Let's check the power of the sample of white noise:

In [365]:
power_wn = np.sum(np.abs(example_whitenoise))/500

And the spectrum

In [366]:
fourier_whitenoise = np.abs(np.fft.fft(example_whitenoise)**2)
freqs = np.fft.fftfreq(fourier_whitenoise.size, 3/500)
idx = np.argsort(freqs)[250:]
plt.plot(freqs[idx], fourier_whitenoise[idx])
[<matplotlib.lines.Line2D at 0x1042e5fd0>]

Lets now shape the filters and add the white noise. Recall the first plot. We want a filter with the following specifications:

  • lower cutoff: 0 rad/s
  • upper cutoff: 2π rad/s
  • peak frequency: 4π rad/s
In [367]:
x_c = np.linspace(0, 4*np.pi, 500)
plt.plot(x_c, x_c)
plt.plot(x_c, -x_c+4*np.pi)
plt.xlabel("Frequency (rad/s)")
plt.title('A Simple Triangular Filter')

So the green line has a y intercept of 4π. Thus we need to scale the power up to 4π.

In [368]:
scale_factor = 8*np.pi/power_wn
In [378]:
filtered_result = scaled_whitenoise*5-uppergrad+lowergrad
plt.plot(x,filtered_result,label="triangle filter")
plt.xlabel("time (s)")

Looks quite noisy but lets look at the fourier response:

In [379]:
fourier_final = np.abs(np.fft.fft(filtered_result)**2)
freqs = np.fft.fftfreq(fourier_final.size, 3/500)
idx = np.argsort(freqs)[250:]
ax1 = plt.subplot(211)
ax1.plot(freqs[idx], fourier_final[idx], label = "filtered")
ax1.set_xlabel("Frequency (rad/s)")

ax2 = plt.subplot(212)
ax2.plot(freqs[idx], fourier_unfiltered[idx], label = "original")
ax2.set_xlabel("Frequency (rad/s)")

It Works! as you can see the frequency response of the peak at 27 rad/s is completely subdued.

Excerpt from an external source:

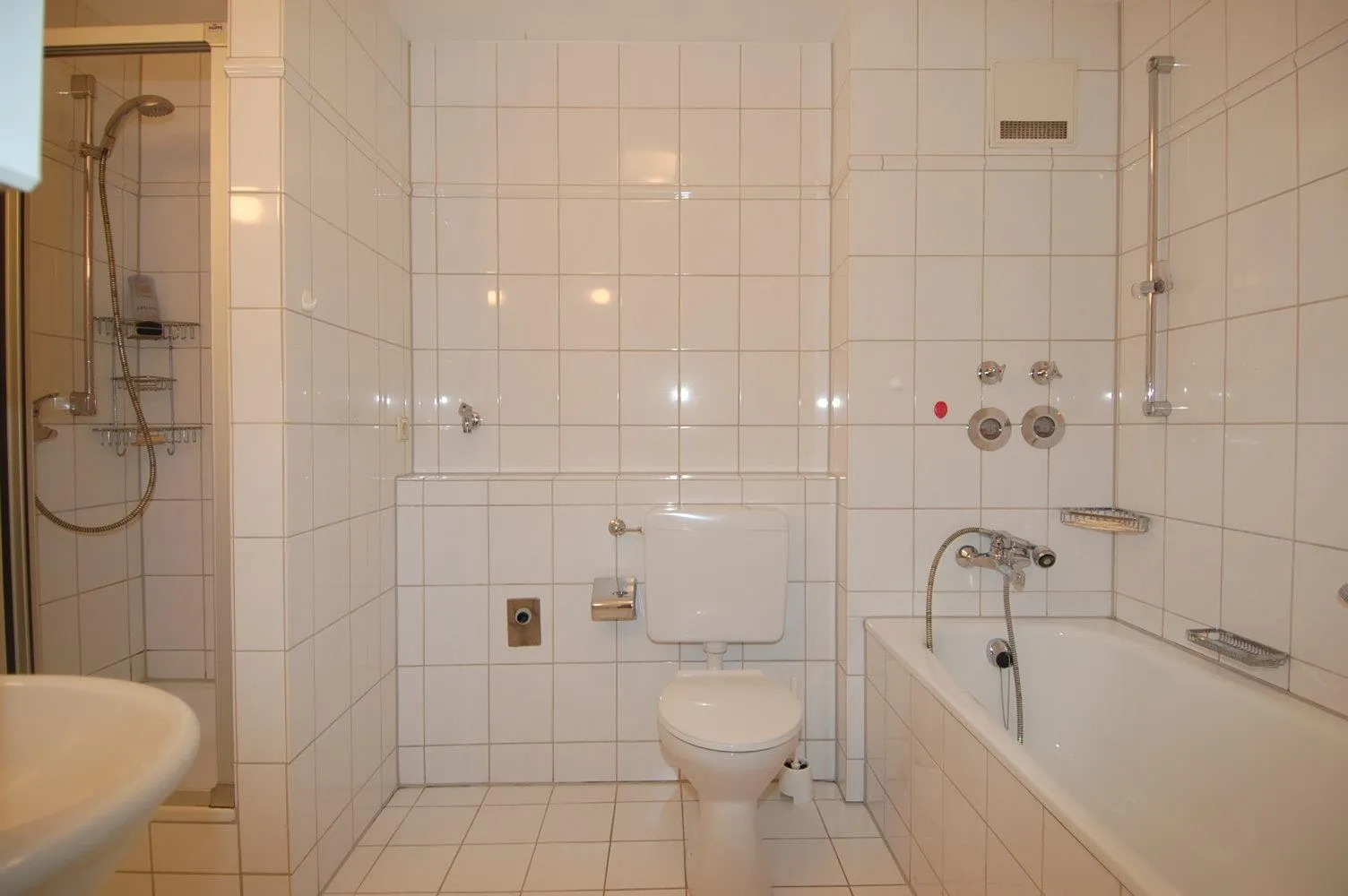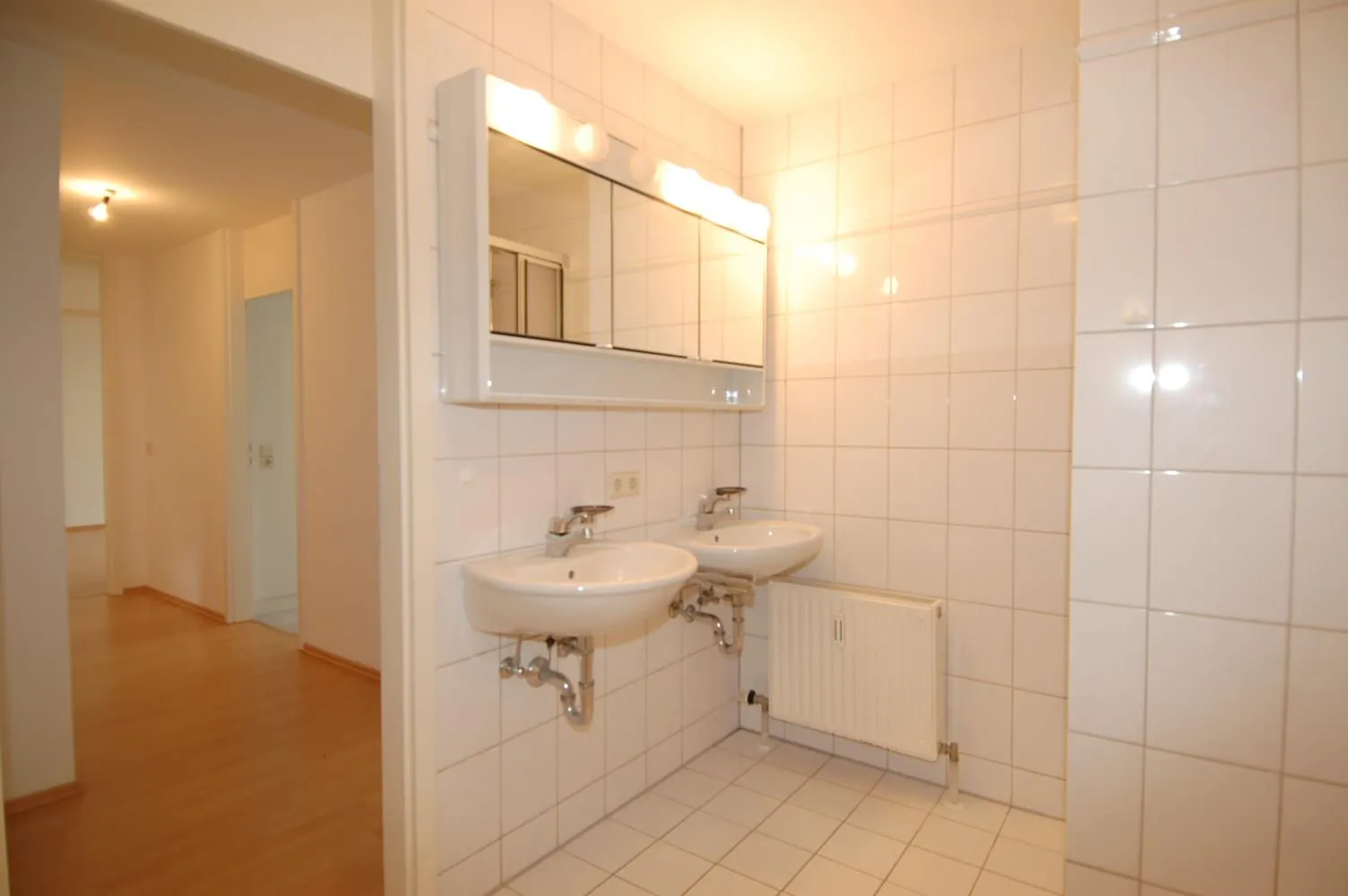 Das raumhoch geflieste Badezimmer ist ausgestattet mit einer Wanne, einer Dusche, zwei Waschbecken, einem Spiegelschrank, einem WC und einem Waschmaschinenanschluß.

In fact the peak that is most prominent at 2πrad/s, followed by a smaller peak at 5 rad/s, demonstrating the triangular nature of the filter. Theres a bit of leakage but thats you're butterworth filter at work. Nothing to be done about it :(.


Here we developed a way to estimate a triangular filter bank which could be used in calculating the MFCCs of a signal. However there are a few glaring mistakes. Firstly, most implmentations of a FFT use a periodogram, not a a normal fourier spectra to calculate the coefficients. Secondly the butterworth filter here is in itself a bit expensive to implement and leads to a fair deal of leakage.